The second exercise will be “Translation cartographies”, that will serve as a structured reflection on the practices of translation that happened during the operationalisation of the model. Groups will be invited to reflect on their own interdisciplinary process of having created their critical workflow model. It will start by laying out what are the backgrounds of the people at the table on the bottom, and the ‘outcome model’ at the top. Each group will then draw trees, lines, or shapes upwards, to represent the journey of the translation process as a group. The branches and nodes represent what was assimilated, joined, or got lost in translation. What happened in their conversation? What translations were made, what was left out? Were there critical moments which surfaced, such as understanding massive or subtle differences in meaning or similar words? Which tensions emerged? Participants will be invited to end the exercise with reflecting back on their own practices. The workshop will end with a group discussion and “what to do next” session.
Throughout the workshop two strategies will be used to facilitate the space for different voices: first, we will use a set of anti-oppressive facilitation techniques that have been developed across social justice activist circles. Second, on a conceptual level, we will also highlight perspectives that are rooted in anti-racist, feminist, post- and de-colonial knowledge practices, as well as critical approaches in law. This will be done already through initial input presentations by the organisers, as well as during presentation of different workflows.
Each phase of the workshop is structured to produce tangible artefacts, which serve as outcomes as well as jumping off points for the session. As an evolving mapping, these are how people’s engagement is made visible.

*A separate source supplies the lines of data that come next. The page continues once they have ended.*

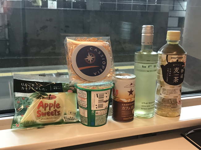 ダイニングカーもラウンジカーも両方で楽しんで、それでもまだ飲み足りない気分になって、ラウンジカーの売店を利用しました。じゃがりこやカットリンゴなどをおつまみ代わりに、ブリーホワイトという白ワインを飲んでいます。
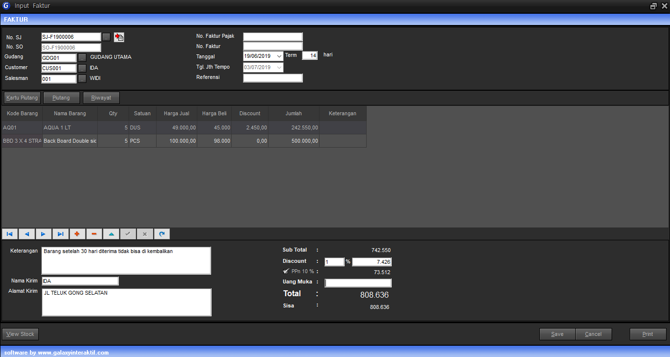 Salesman Muncul otomatis salesman apabila No. SJ sudah diisi
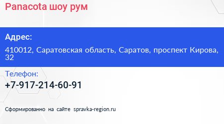Panacota, шоу-рум по адресу 410012, Саратовская область, Саратов, проспект Кирова, 32 в дальнейшем Организация, размещена в следующих категориях:
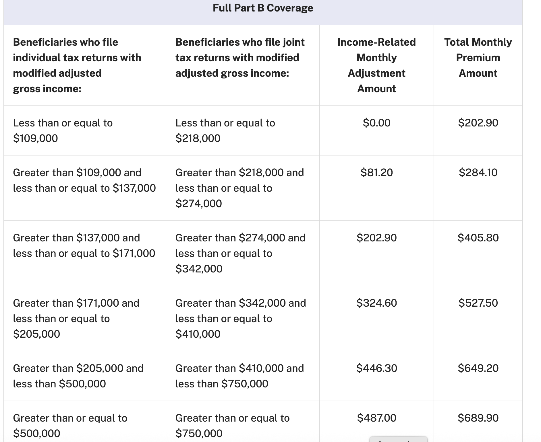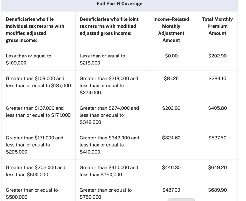 This chart shows the Medicare Part B premiums for higher income beneficiaries:
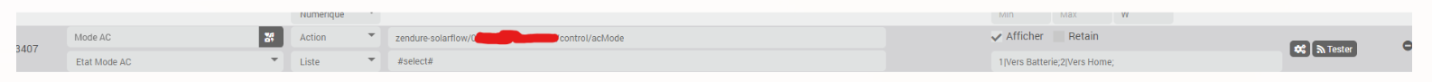 J’ai créé une action coté Jeedom JMQTT reprenant le chemin du control acmode (ioBroker/zendure-solarflow/0/sdfdfs/sfdfsfrt/control/acMode) et lui injectant la valeur 1 ou 2.
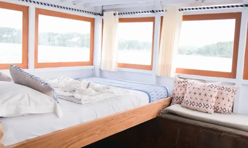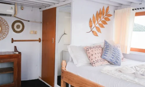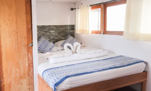 Explore the underwater wonders with our snorkeling equipment, providing an immersive experience without fins. Unleash your inner superstar with our onboard karaoke set, perfect for lively entertainment with friends and family. Relax in style on our spacious sundeck, complete with comfortable beanbags for sunbathing and stargazing. Our cruise features a semi-outdoor dining room for a unique dining experience amidst breathtaking views. With 5 cozy rooms offering private bathrooms, you can unwind comfortably after a day of exploration with Ramadhani Star Phinisi boat charter

The less tangible outcomes are a more tightly articulated understanding of the differences across vocabularies and languages and the challenges of translation, and the experience of what that work of translation could look like in practice though the workflow exercise. The concluding summaries will also serve as suggestions for the broader community. A very concrete outcome would also be identification of the actionable points for each of the participants’ practice.